■ Task
All of the data below should come back exactly as written, minus its images.
** Opening Source material block **
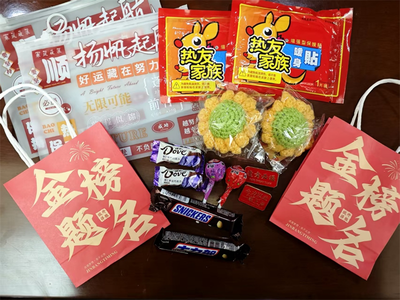 随后学院领导老师们纷纷行动起来,将一份份精心准备的考研礼包分发到同学们手中。礼包虽小,却承载着沉甸甸的祝福,里面装着能在寒冷冬日为学子们送去温暖的暖贴、寓意着旗开“德”胜的德芙巧克力、祝愿同学们考试“给力”的士力架、方便使用的文具袋、寓意同学们能够一举夺魁的向日葵钥匙圈、给同学们加油鼓劲的棒棒糖、还有象征着对大家考研上岸美好祝愿的加油徽章。
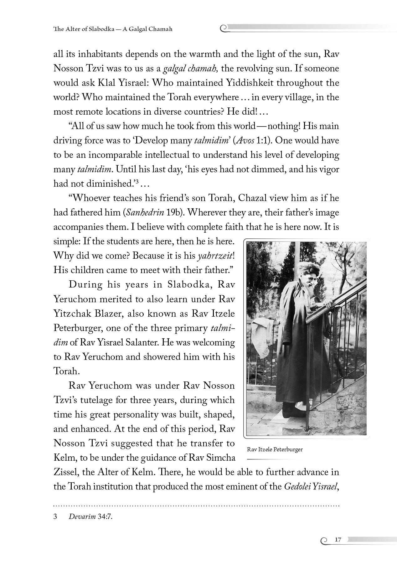 Rav Yeruchom Halevi Levovitz, zt”l, the Mirrer Mashgiach, was one of those beacons of light. He lived right before World War II and the destruction of European Jewry, one of the darkest times in Jewish history. He was a Heaven-sent messenger to illuminate the darkness by disseminating the Toras hamussar he had acquired from his illustrious rebbeim of Kelm, with profound wisdom.
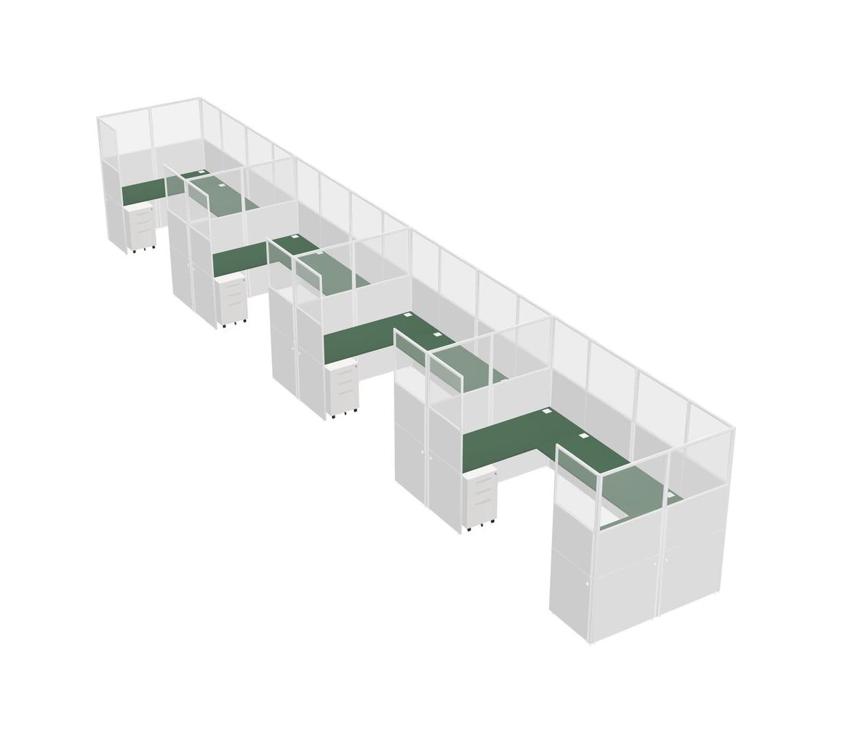 Système De Panneaux En U Vert Pour 4 Personnes + Tiroirs Mobiles En Métal Pour 4 Utilisateur(s)
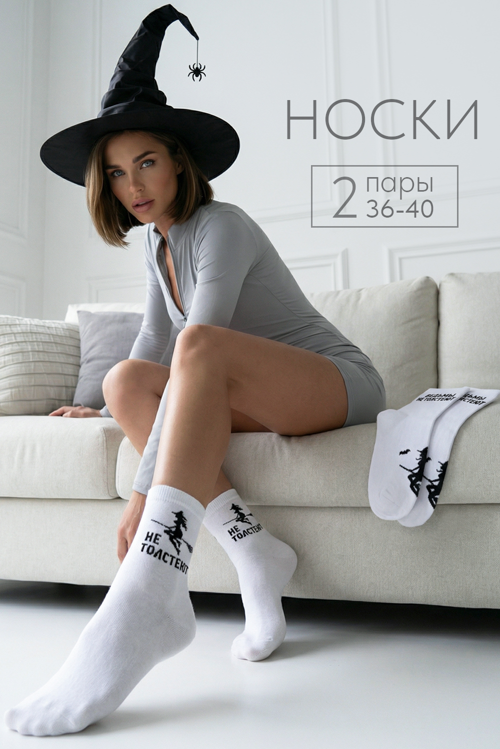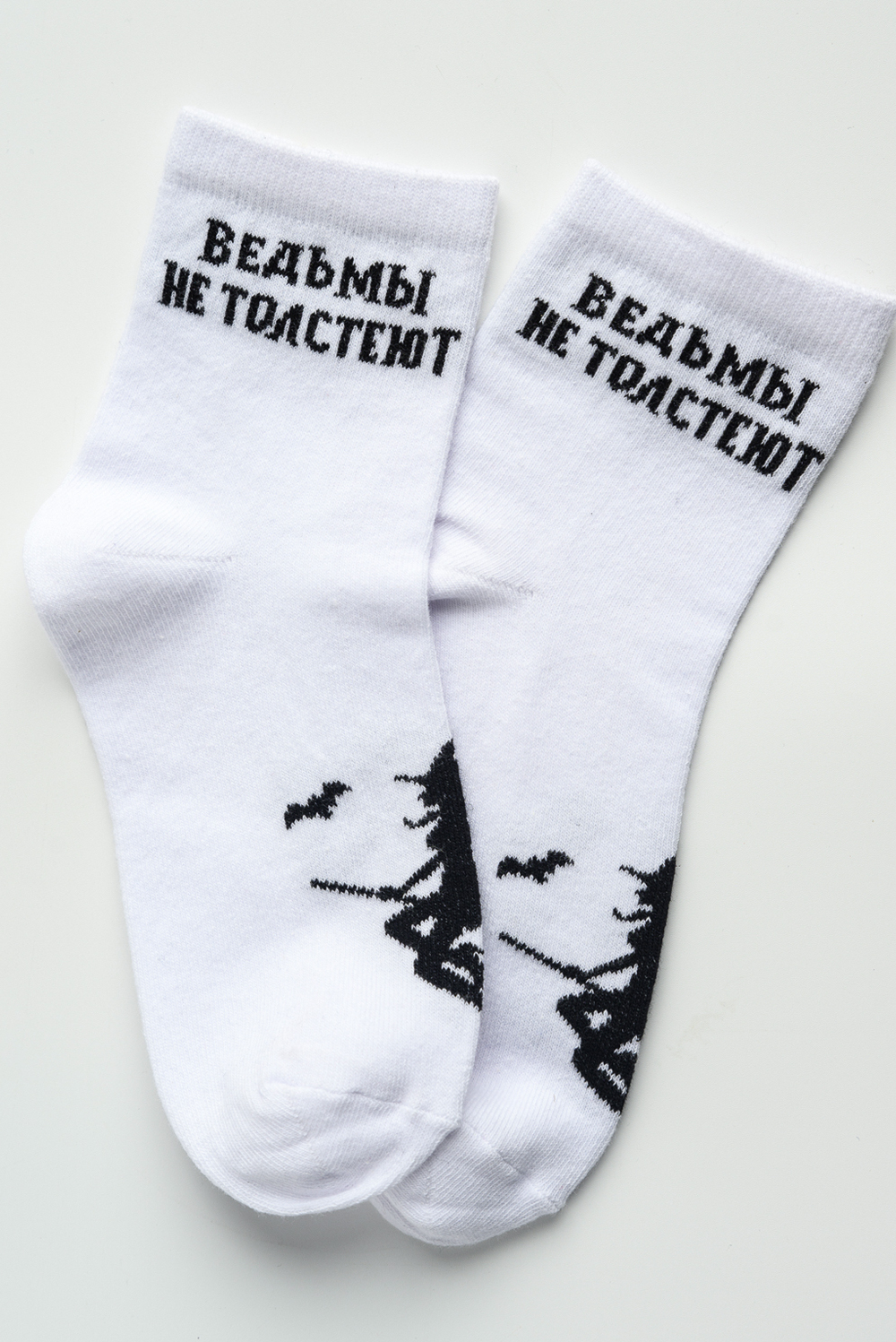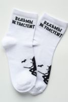 Женские носки “Ведьмы не толстеют” — стиль с характером! Пусть каждый ваш день будет окутан магией и уверенностью. Чёрные носки с дерзкой надписью и оригинальным принтом станут идеальным штрихом к вашему образу. Мягкий и приятный материал обеспечивает комфорт на весь день, а прочные резинки не сдавливают ногу. В комплекте 2 пары, размер 36–39. — Для тех, кто не боится выделяться и выбирает свою дорожку! — Добавьте немного волшебства и самоиронии в ваш гардероб!
** Closing Source material block **
■ Exercise answer
 随后学院领导老师们纷纷行动起来,将一份份精心准备的考研礼包分发到同学们手中。礼包虽小,却承载着沉甸甸的祝福,里面装着能在寒冷冬日为学子们送去温暖的暖贴、寓意着旗开“德”胜的德芙巧克力、祝愿同学们考试“给力”的士力架、方便使用的文具袋、寓意同学们能够一举夺魁的向日葵钥匙圈、给同学们加油鼓劲的棒棒糖、还有象征着对大家考研上岸美好祝愿的加油徽章。
 Rav Yeruchom Halevi Levovitz, zt”l, the Mirrer Mashgiach, was one of those beacons of light. He lived right before World War II and the destruction of European Jewry, one of the darkest times in Jewish history. He was a Heaven-sent messenger to illuminate the darkness by disseminating the Toras hamussar he had acquired from his illustrious rebbeim of Kelm, with profound wisdom.
 Système De Panneaux En U Vert Pour 4 Personnes + Tiroirs Mobiles En Métal Pour 4 Utilisateur(s)
 Женские носки “Ведьмы не толстеют” — стиль с характером! Пусть каждый ваш день будет окутан магией и уверенностью. Чёрные носки с дерзкой надписью и оригинальным принтом станут идеальным штрихом к вашему образу. Мягкий и приятный материал обеспечивает комфорт на весь день, а прочные резинки не сдавливают ногу. В комплекте 2 пары, размер 36–39. — Для тех, кто не боится выделяться и выбирает свою дорожку! — Добавьте немного волшебства и самоиронии в ваш гардероб!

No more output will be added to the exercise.